In any marketplace there is room for government intervention to fix problems that past government intervention caused, or to repair the free market from other market failures. In the legal profession, most states have made the choice to allow lawyers to regulate themselves and thus lawyers have done so by demanding a very high ethical, educational and professional standard in the profession. Some argue this is industry protectionism, I tend to think it is intended truly for the good of the profession. However the side effect of this is undeniably that it accumulates and results in high costs, and high overhead.
For instance, to practice law in Oregon you have to have graduated from an American Bar Association accredited law school. (symptom: law students frequently leave law school $100,000 or more in debt). California, in comparison, has no such requirement and any law school graduate that can pass the bar exam can practice law. Attorneys in California can obtain their training for much less money and could pass this savings along to clients. The U.S. Supreme Court has also decided that it is constitutional for states to require state bar association membership including payment of mandatory dues and mandatory insurance plans. Thus even beginning attorneys can start out with $15,000 to $20,000 in annual overhead before they even accept their first client.
Requirements like these make the market for legal services far from a free market. In fact the legal marketplace it is VERY highly regulated and has VERY high cost barriers to entry. Monopolistic tendencies exist when the costs of regulation, technology, legal hurdles, or other barriers to entry in any industry block new, competitive firms from entering the market. Monopolistic tendencies slowly create a shortage of competition in a given segment of that market.

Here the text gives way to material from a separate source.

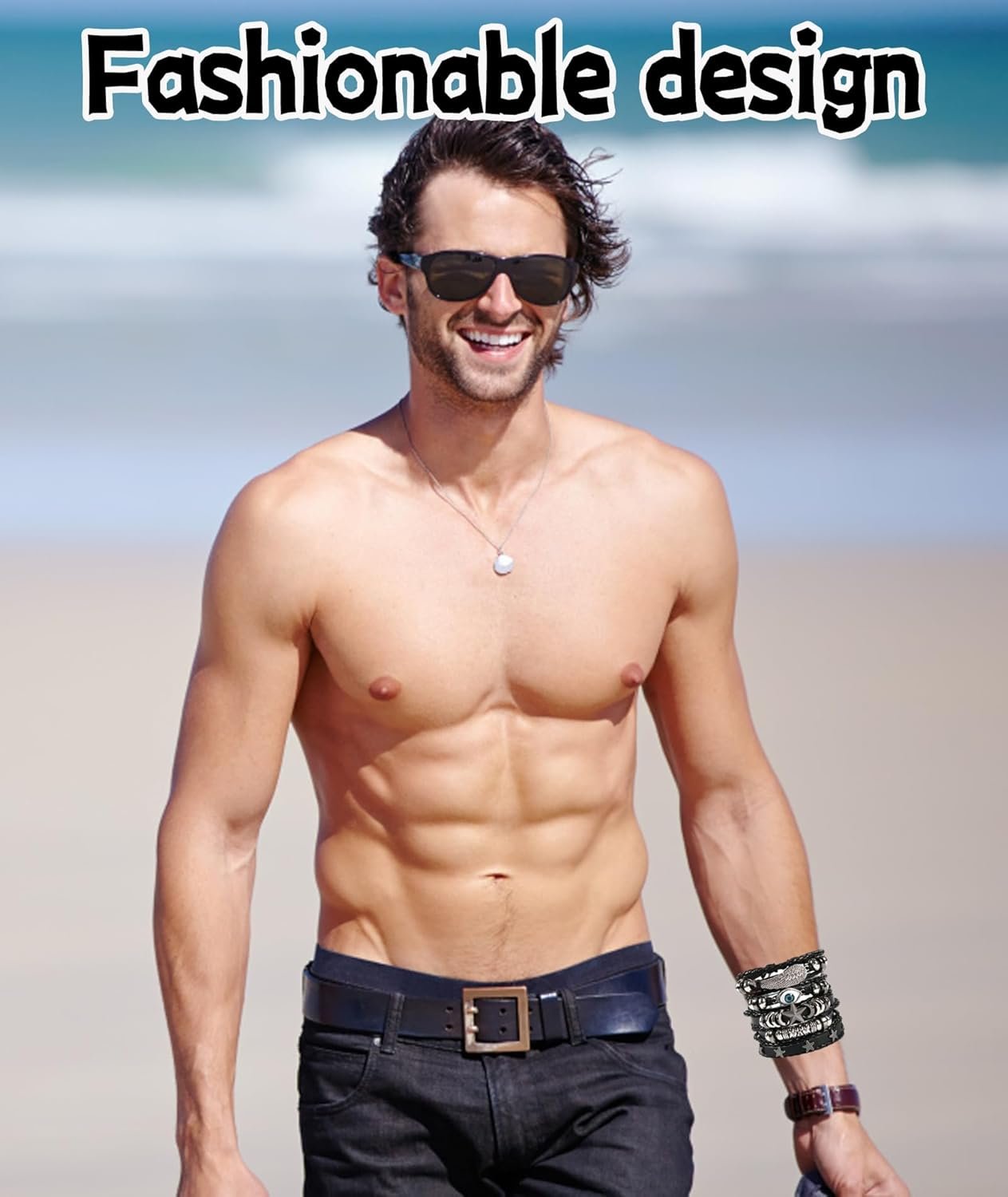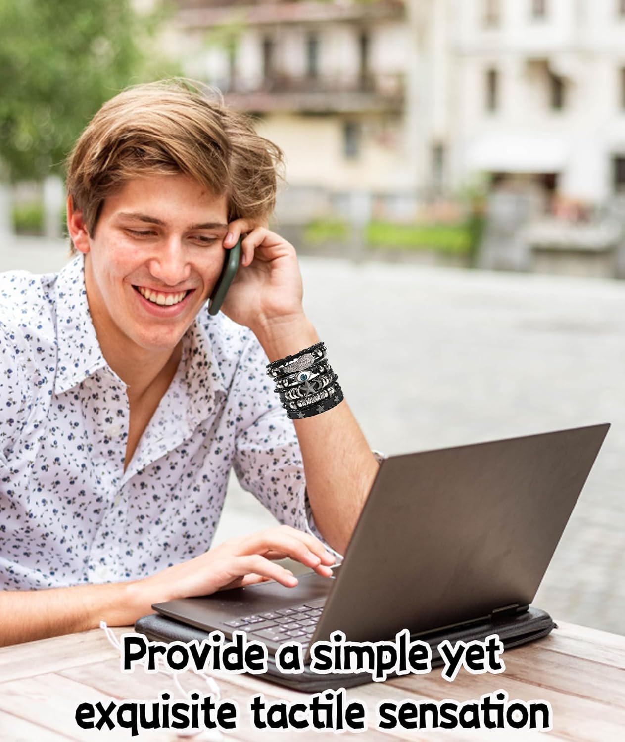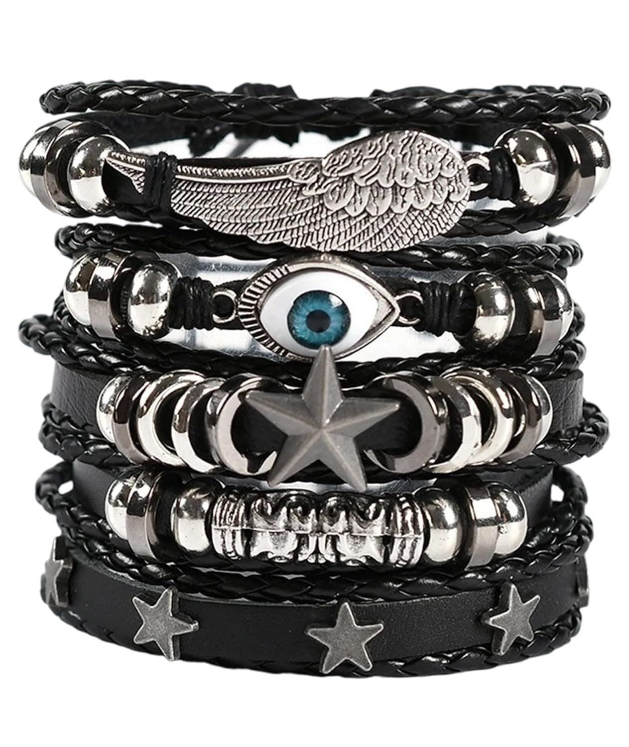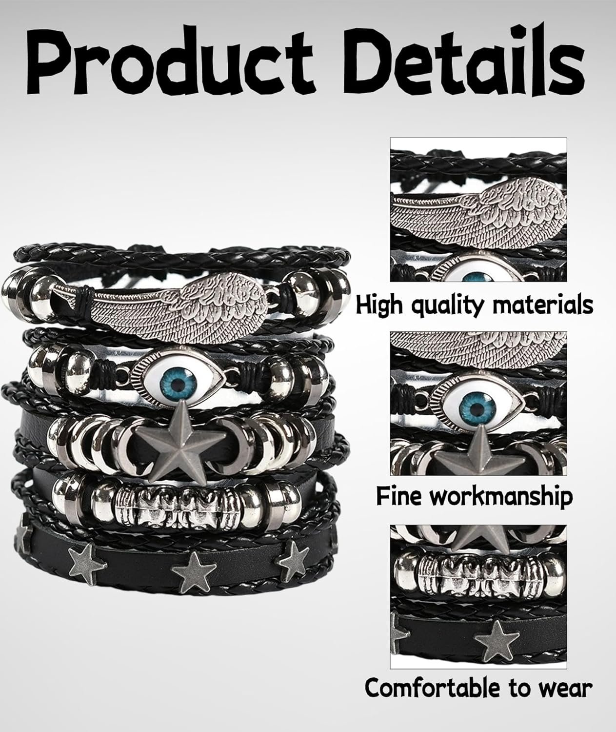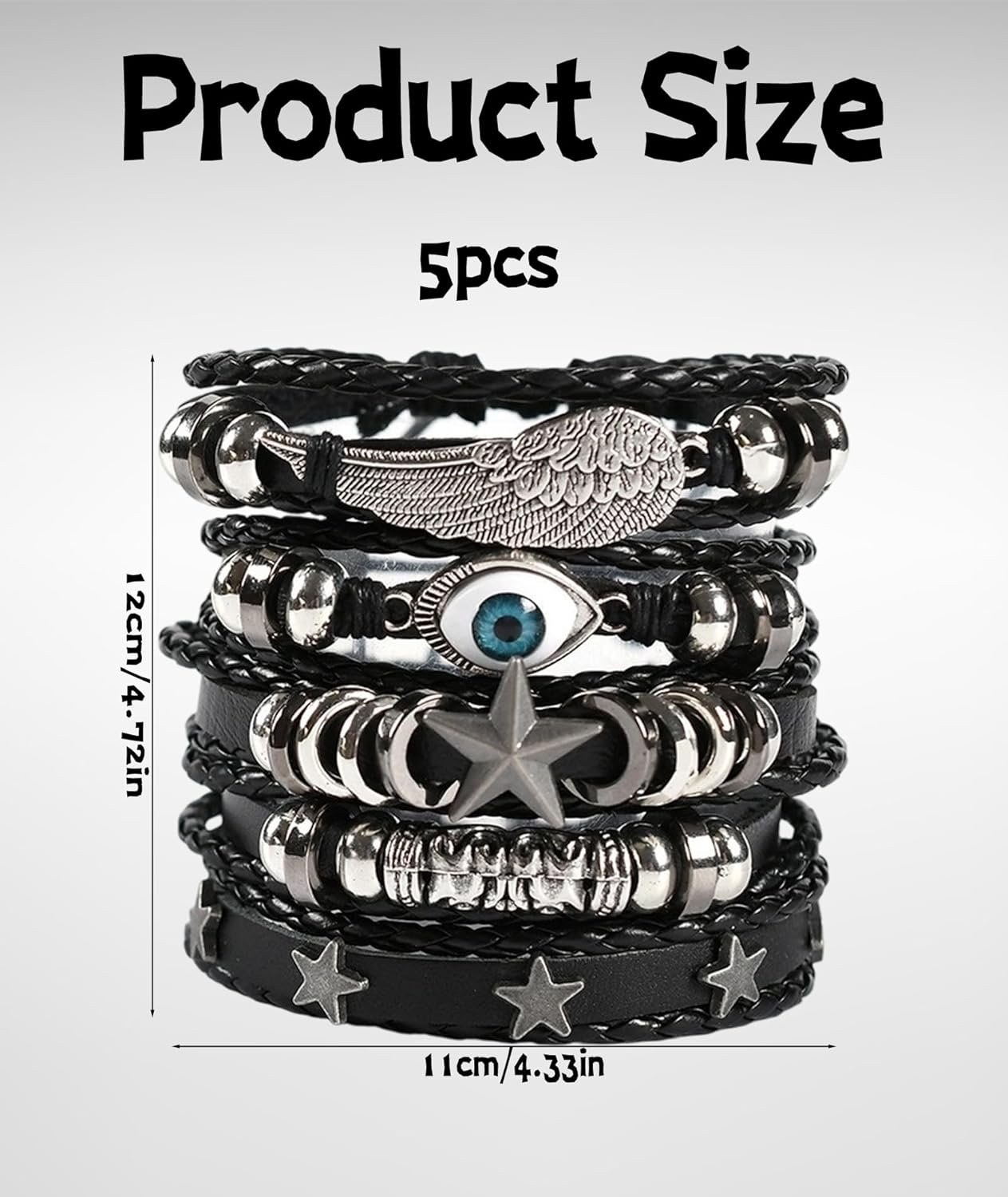 5 PCS Leather Bracelet, Punk Bracelet, Handmade Wrist Bands for Men, Heavy Leather Bracelet for Everyday Wear, Adjustable Hand Bands for Casual or Formal Outfits

In the case of the legal profession, these barriers to entry make it such that there is an artificially low supply of low cost legal services available because the firms (individuals) that are willing to enter the industry must sell their legal services at high enough rates that will allow them to recover the large sums of money they invested into education, insurance, and other overhead so that they can stay in business. There may be plenty of lawyers in business; however few of them can afford to service the low-cost/low profit client market. Thus there are economic factors that inevitably lead firms away from servicing these smaller matters or looking for one large contingency fee out of many cases to remunerate the attorney for their effort.
I believe there is a better way to solve the problem of ensuring access to justice for the poor. Oregon could solve most, if not all of that issue by simply eliminating the cartel and increasing the supply of service providers. This should drive down the price, and ALLOW attorneys to compete in the market for low cost-volume based business. In all fairness, the Oregon Bar and many other bar organizations make valiant attempts to recruit or pay attorneys for working in non-profit practices which service these low profit clients. But again, that is essentially a subsidy, further driving un-subsidized competition for those clients out of business and harming the free market.
In Summary, the economic pressures, prior government regulation, and monopolistic tendencies of the legal profession itself are much of the actual cause of the shortage of low-cost service providers for the poor. My preferred fix for that would be to free up the market and let it do what free-markets do best — provide the highest quality of service available for the lowest price.
Unfortunately, in the absence of any public willingness to return to the principles of economic freedom, sometimes more regulation becomes the only option. Thus we are left having to choose between two undesirable options. Do we simply do nothing and endure the abuses in the tort system or do we do something and try to create reasonable tort reforms?